Bunları da internet siteleri vasıtasıyla diğer insanlarla paylaşıyorlar, insanları yanlışın içine çekiyorlar.
Bu o kadar utanç verici hale geldi ki, bazı firmalar özelliklede bir diğer rakip firmayı karalamak için uğraşı alanları içindeki gıdalarla ilgili yanlış bilgileri insanlara iletiyorlar. Bunun adına da rekabet diyorlar.

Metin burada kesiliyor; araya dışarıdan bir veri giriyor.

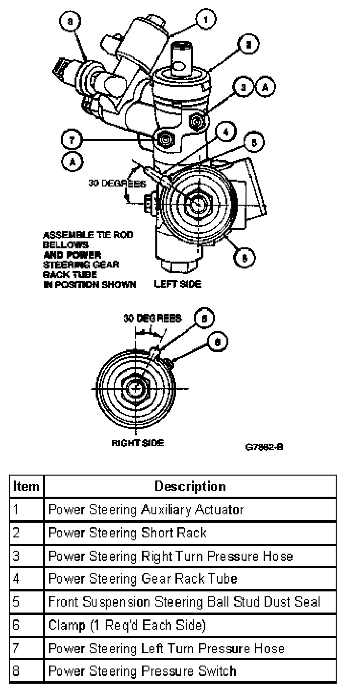 5. Install front suspension steering ball stud dust seal and power steering gear rack tube. Make sure power steering gear rack tube is positioned as shown. Make sure front suspension steering ball stud dust seal is seated in groove in tie rod. Position clamps as shown.
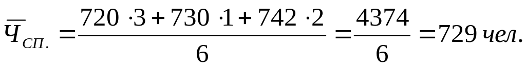 Задача 12.3. Определить среднюю списочную численность работающих в автотранспортном предприятии за первое полугодие. Средняя списочная численность работающих за каждый месяц составила: январь, февраль, март – 720 чел., апрель – 730 чел., май, июнь – 742 чел.
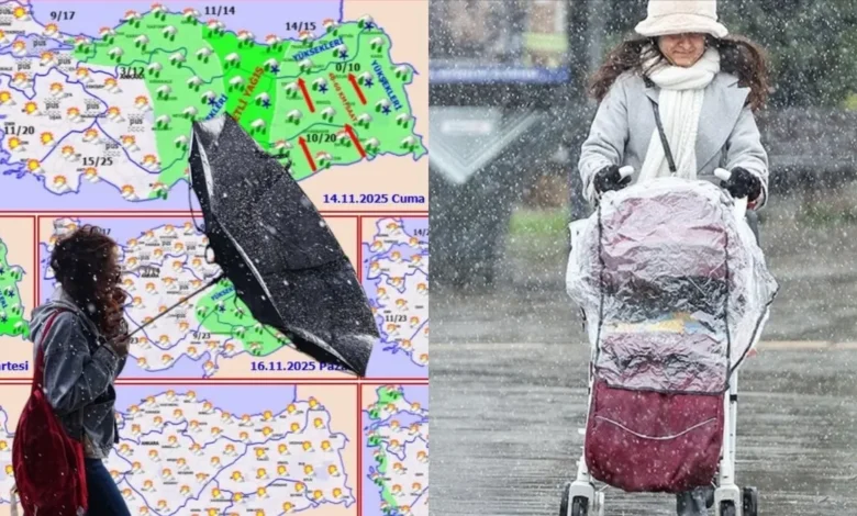 Meteoroloji’den peş peşe uyarılar geldi. Sıcaklıklar bugün itibarıyla düşerken, öğle saatlerinden sonra 1200 metre üzeri bölgelerde karla karışık yağmur ve yer yer kar bekleniyor. 6 il için sarı kodlu alarm verildi. Peki yağışlar hangi bölgelerde şiddetlenecek? Hangi yüksek kesimlerde karla karışık yağmur etkili olacak? İşte 14 Kasım MGM hava durumu raporu…
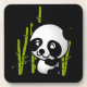What a cute and adorable illustration of a black and white panda bear sitting amongst the green bamboo stalks in a little grove, looking happy, friendly and loveable. Black background really makes this little panda pop!
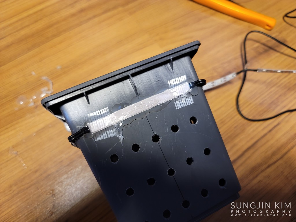 드디어 LED 스트립을 미리 뚫어놓은 구멍에 맞추어 필라멘트 테이프로 고정한 후에 글루건을 이용하여 움직이지 않도록 마무리한다.
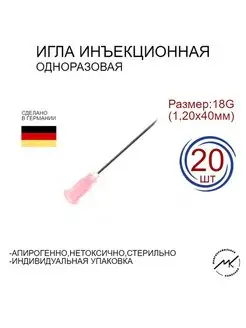 Игла инъекционная одноразовая 18G (1,20х40мм)
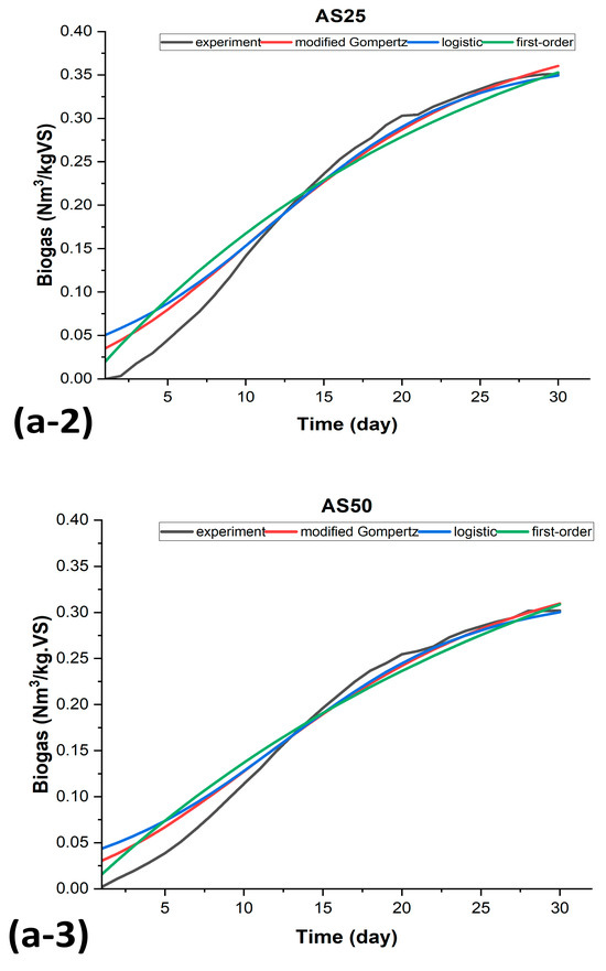 Considering the results of the three models, it can be concluded that the first-order model, followed by the modified Gompertz model, is the most accurate model for representing cumulative biogas production from co-digestion. The logistic model had the least accurate prediction of cumulative biogas production from co-digestion. Additionally, the first-order model proved to be the most effective at depicting the formation of mono-substrate digestion, as seen in Figure 7(a-1–b-4), for both control tests of AS and OFMSW. These results align with those in the literature [14,30,65,66,67] but contradict other studies that show the logistic model as being the best for representing production.
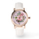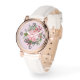 Name, Pink Poinsettia Bouquet White Leather Womans Horloge
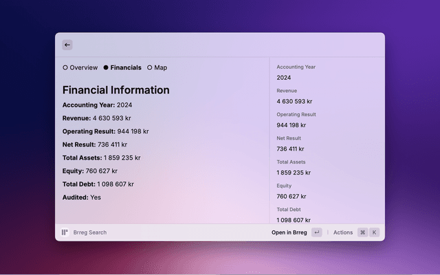 Search and retrieve information about Norwegian companies (Enhetsregisteret) directly from the Raycast command bar. The extension uses the official Brønnøysund Register Center (Brreg) API to find companies by name or organisation number.
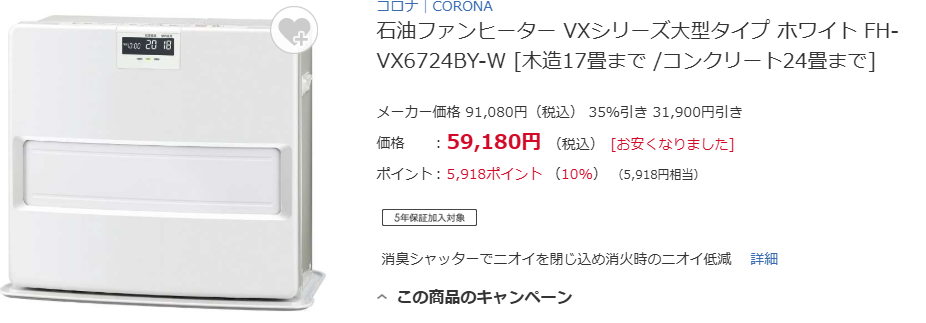 石油ファンヒーター VXシリーズ大型タイプ ホワイト
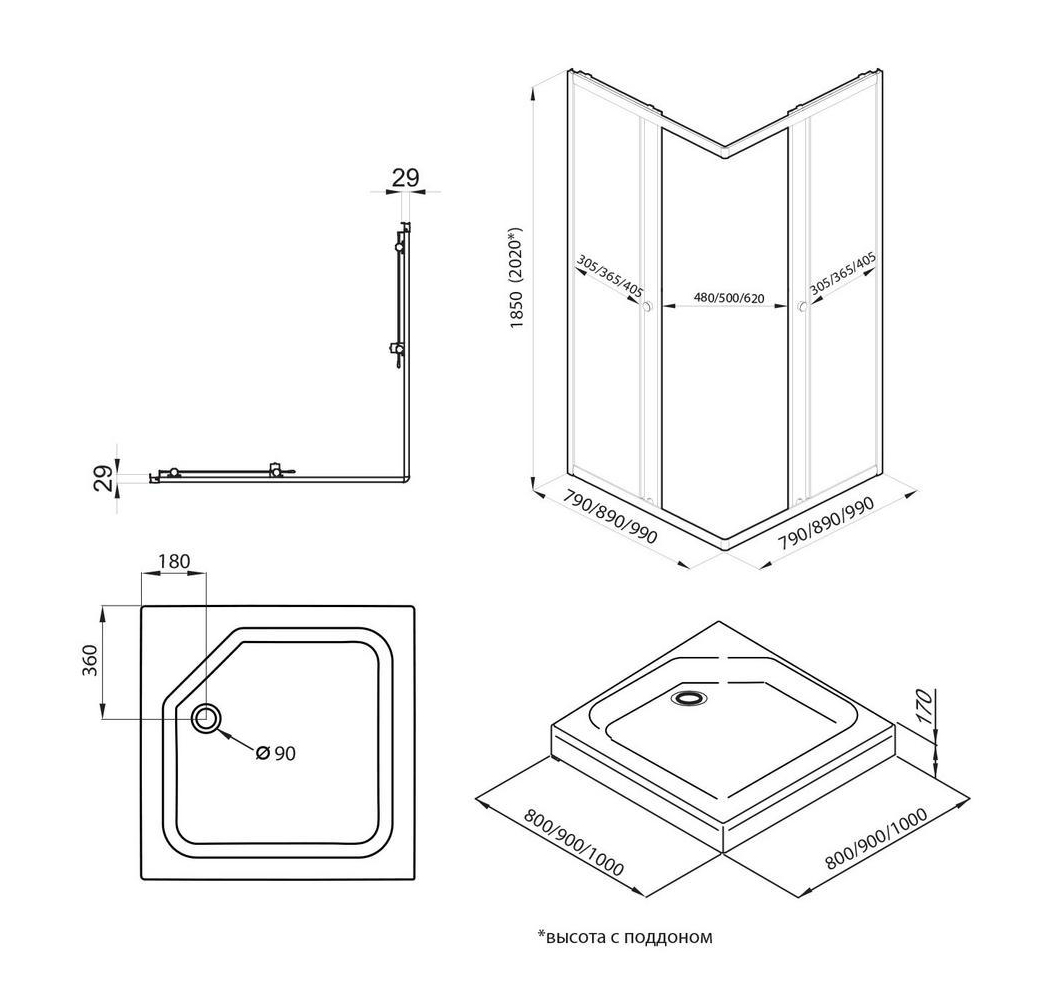 Душевой уголок Triton Вента Хром Вельвет А1 90x90
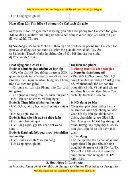 b) Nội dung:- GV tổ chức cho HS thảo luận để tìm hiểu về phong trào Cải cách tôn
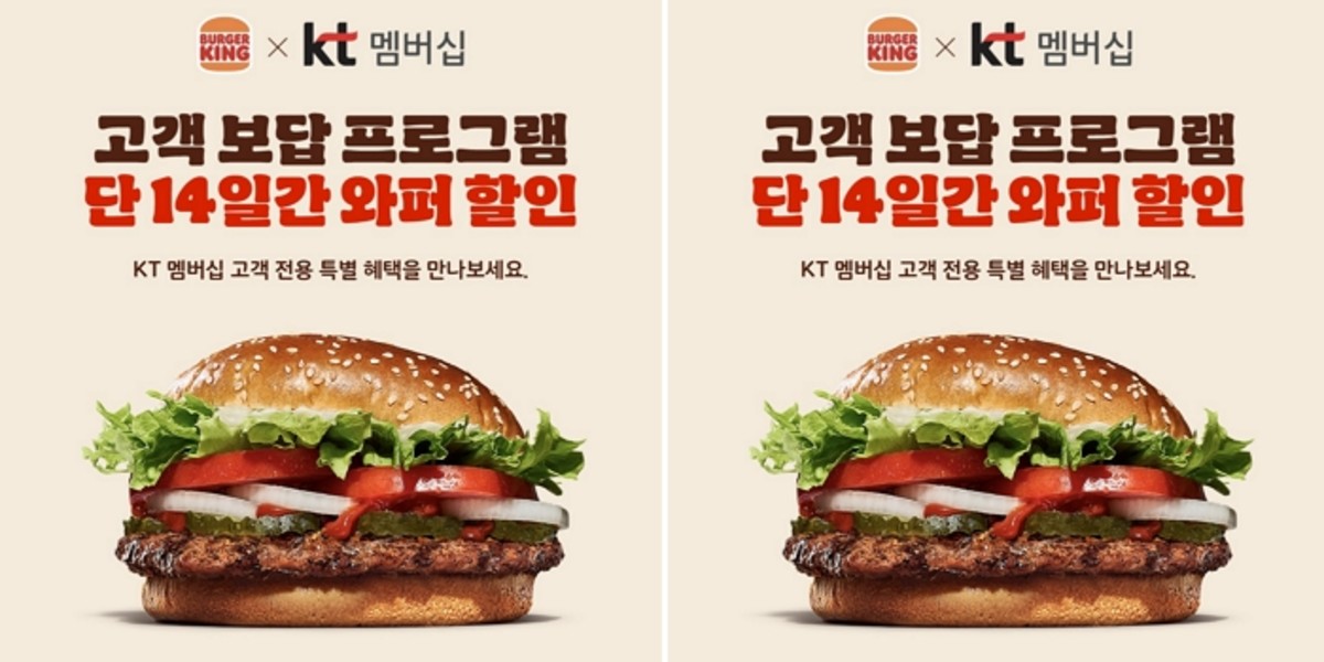 버거킹이 KT 멤버십 고객 대상, '와퍼'를 3,000원에 제공하는 'KT 고객 보답' 프로모션을 지난 3일부터 오는 16일까지 2주 간 진행합니다.

Onun için insanlar internetteki bu bilgileri alıp uygulayacakları zaman çok dikkatli olmalı ve bir yanlışın parçası olmamaya çalışmalılar. Konuyla ilgili bilimselliği ve inandırıcılığı olan kişilere başvurmalılar.
Doğru bilgileri de aynen doğa gibi bozuyoruz. Zamanla doğa kirliliği gibi bilgi kirliliği de oluşacaktır. Bir süre sonra doğayı nasıl şimdiki gibi temizlenemeye-cek hale getirdiysek bilgilerimizi de, doğru düşüncelerimizi de artık onarılamayacak noktaya taşıyacağız.
Geleceğin dünyasını doğası kirli, bilgileri kirli, giderek insanlığını da kirletecek hale getirmeyelim.
Özellikle yaşadığımız bu ülke dünyanın en güzel ülkesi ve coğrafyası.
Buradaki güzellikleri; güneşini, çiçeğini, tarlasını, denizini, kuşunu, balığını, dostluğunu, örfünü, adetlerini, sevgisini, türkülerini, vefasını, arkadaşlıklarını, komşularını ve komşuluklarını bozmayalım.
Ve bu coğrafyaya yakışan insanlar olalım.
Haftanın sözü
“İnsanoğlu umutsuzluktan umut yaratandır.”